::: Data shown :::
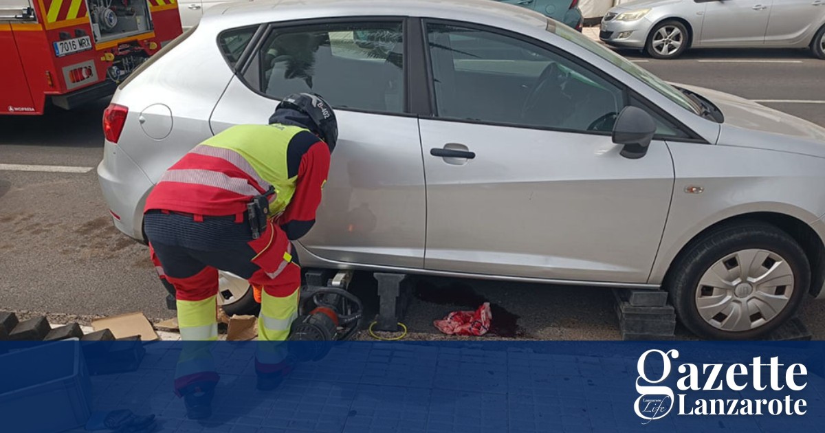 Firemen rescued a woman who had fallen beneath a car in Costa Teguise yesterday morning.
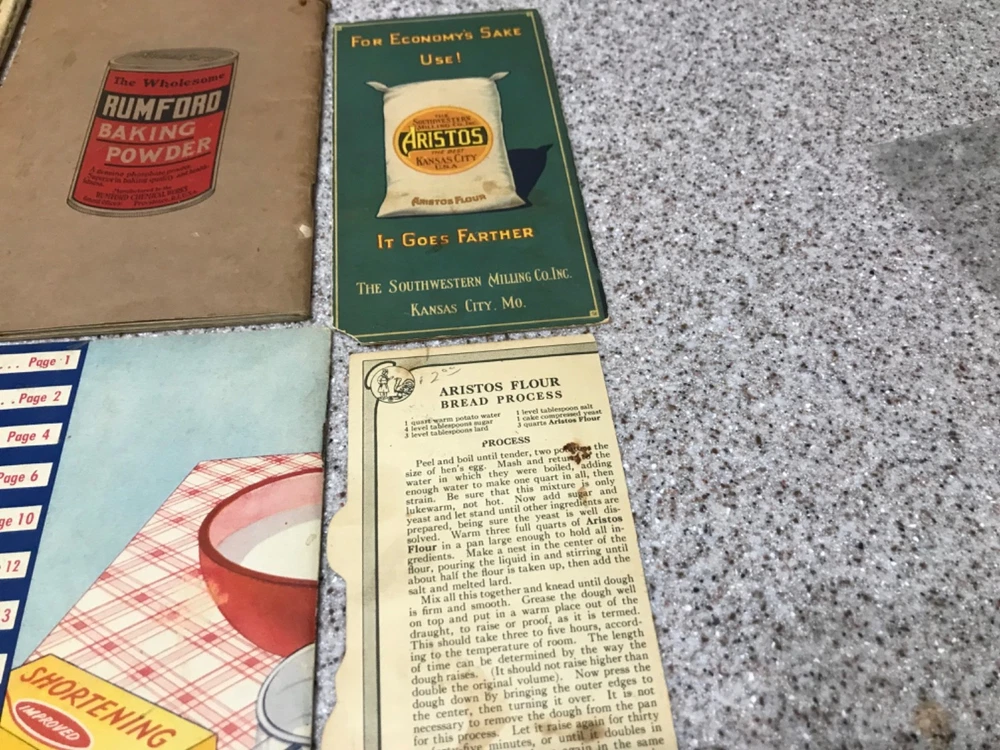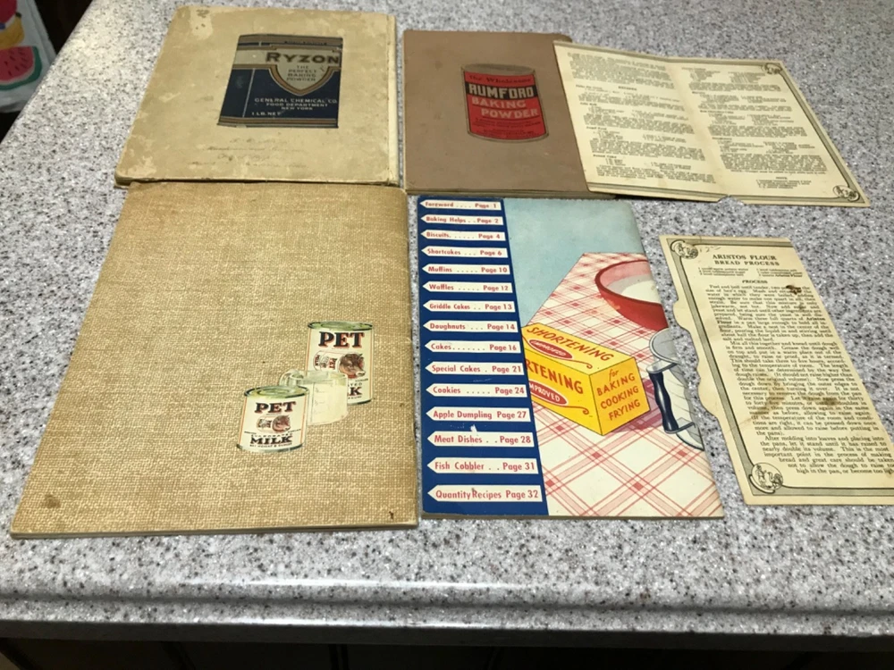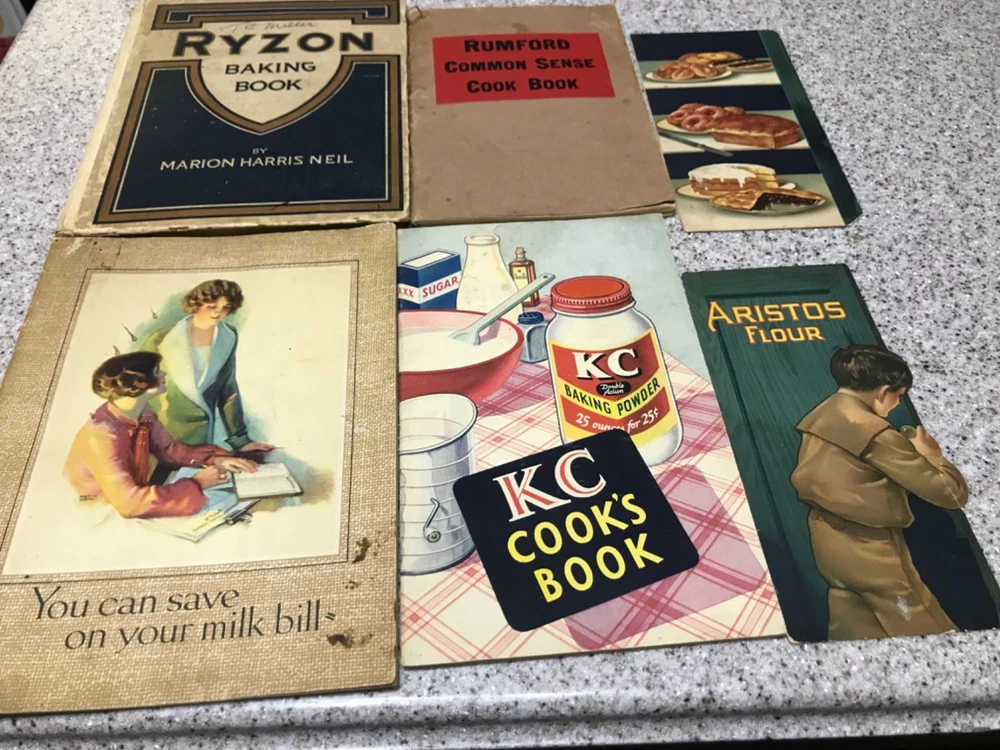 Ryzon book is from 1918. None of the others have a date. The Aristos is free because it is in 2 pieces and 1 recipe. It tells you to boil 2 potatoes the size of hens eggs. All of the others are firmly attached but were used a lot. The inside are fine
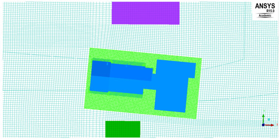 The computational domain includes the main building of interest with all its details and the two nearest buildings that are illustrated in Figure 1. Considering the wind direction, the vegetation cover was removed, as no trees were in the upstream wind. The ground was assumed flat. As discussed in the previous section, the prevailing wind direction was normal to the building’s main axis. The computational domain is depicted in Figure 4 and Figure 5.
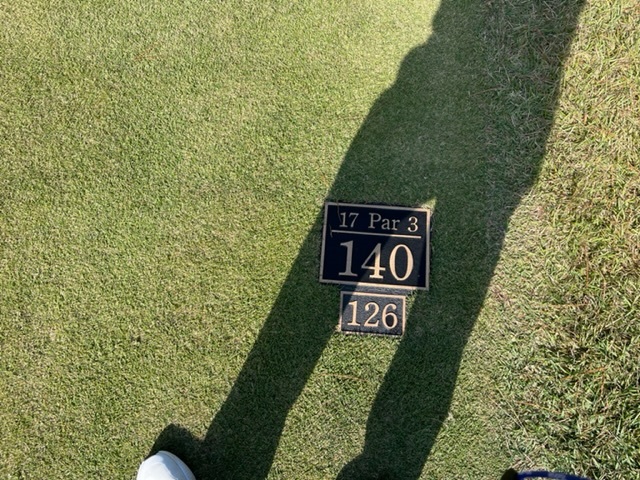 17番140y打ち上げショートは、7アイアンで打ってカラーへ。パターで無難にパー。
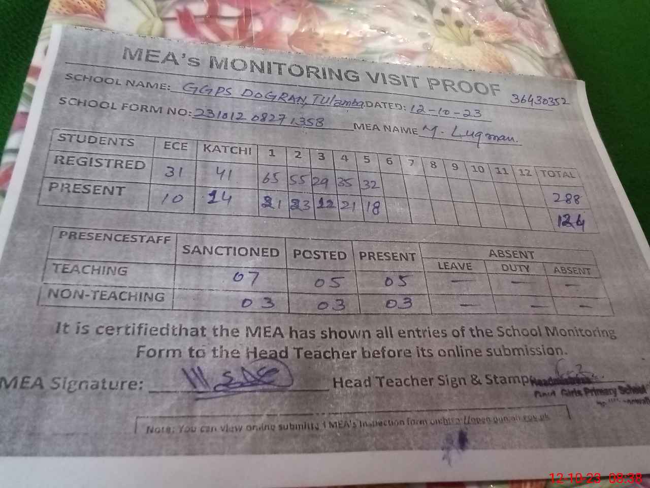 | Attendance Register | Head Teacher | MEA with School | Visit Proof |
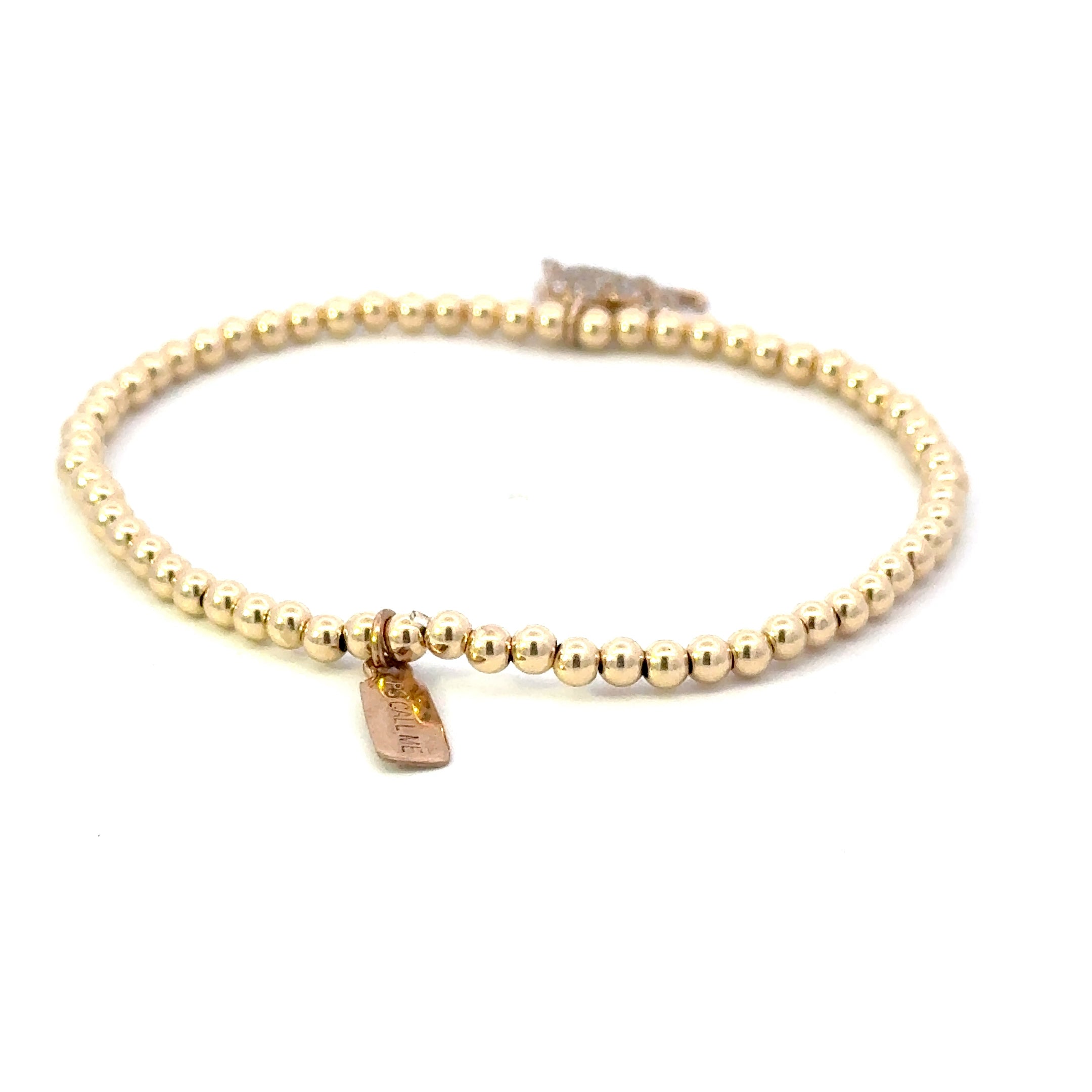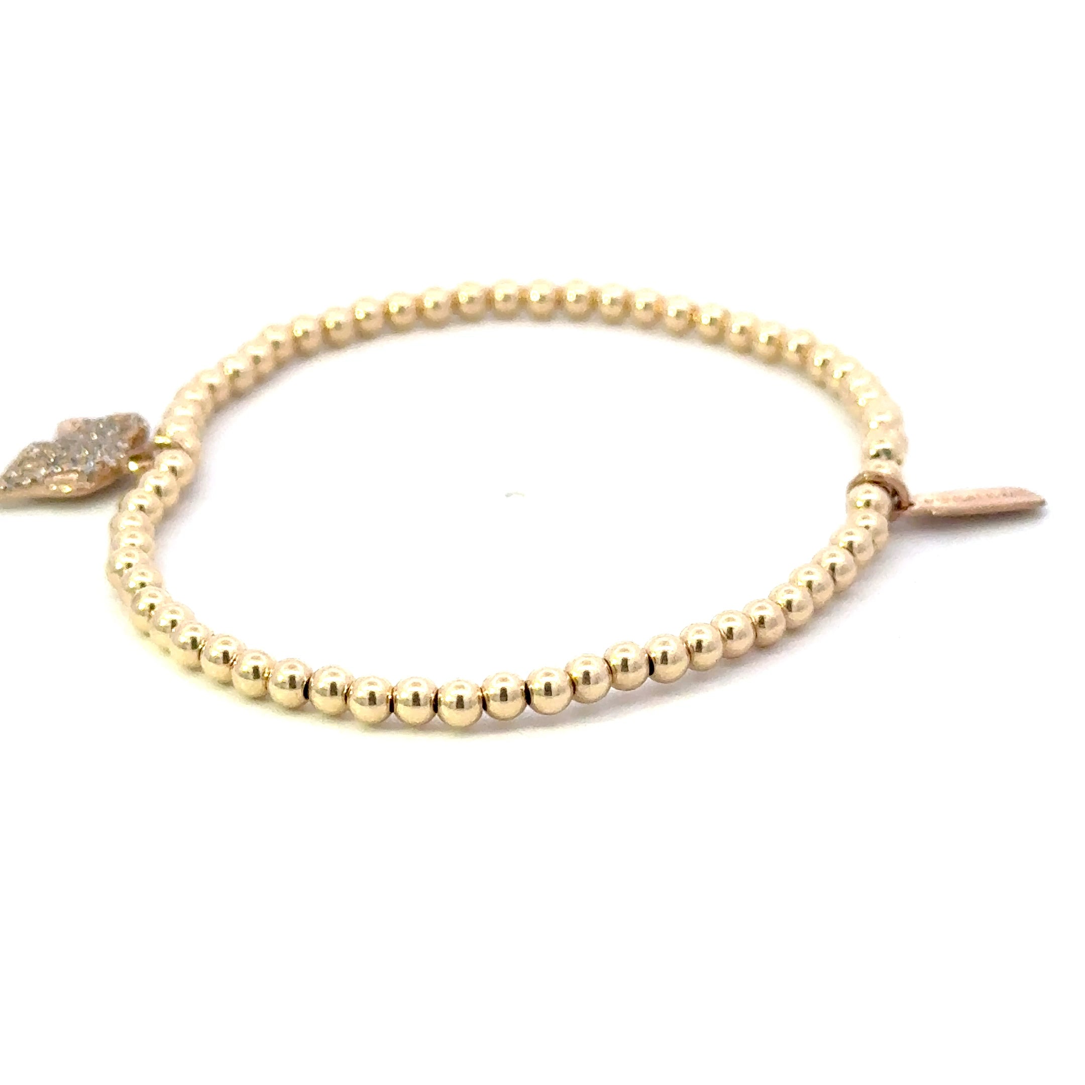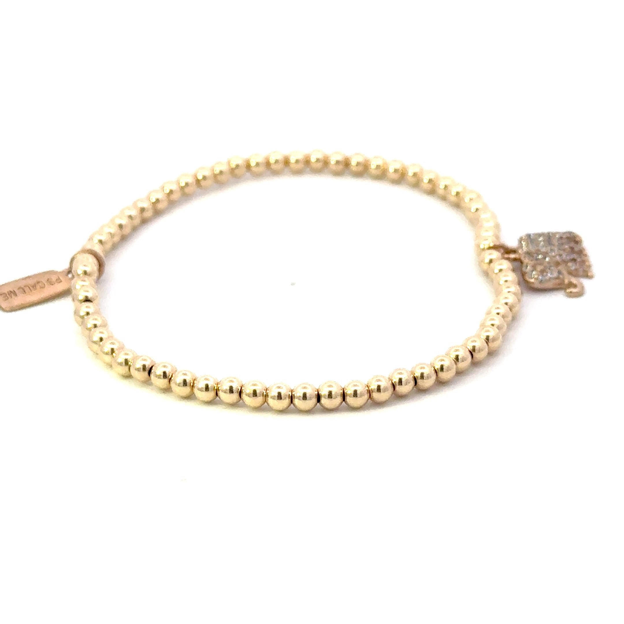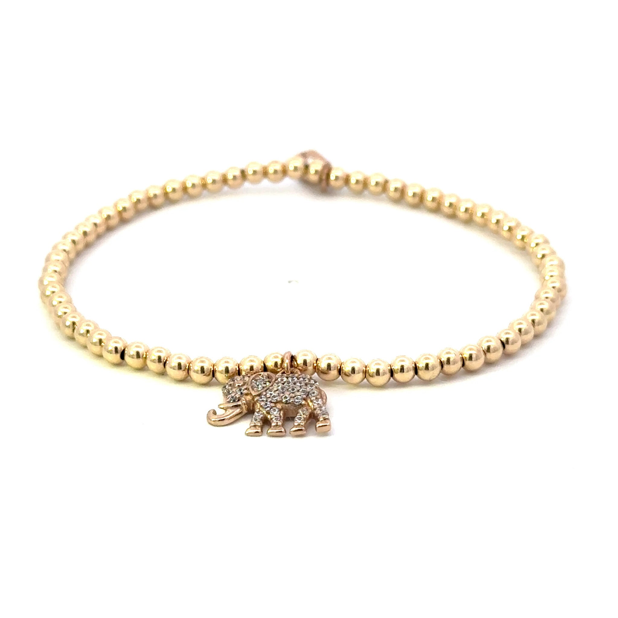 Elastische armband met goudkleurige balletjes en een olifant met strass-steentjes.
:::
*Task statement*: Copy each entry above exactly; drop the pictures.

*Response to this task*:
 Firemen rescued a woman who had fallen beneath a car in Costa Teguise yesterday morning.
 Ryzon book is from 1918. None of the others have a date. The Aristos is free because it is in 2 pieces and 1 recipe. It tells you to boil 2 potatoes the size of hens eggs. All of the others are firmly attached but were used a lot. The inside are fine
 The computational domain includes the main building of interest with all its details and the two nearest buildings that are illustrated in Figure 1. Considering the wind direction, the vegetation cover was removed, as no trees were in the upstream wind. The ground was assumed flat. As discussed in the previous section, the prevailing wind direction was normal to the building’s main axis. The computational domain is depicted in Figure 4 and Figure 5.
 17番140y打ち上げショートは、7アイアンで打ってカラーへ。パターで無難にパー。
 | Attendance Register | Head Teacher | MEA with School | Visit Proof |
 Elastische armband met goudkleurige balletjes en een olifant met strass-steentjes.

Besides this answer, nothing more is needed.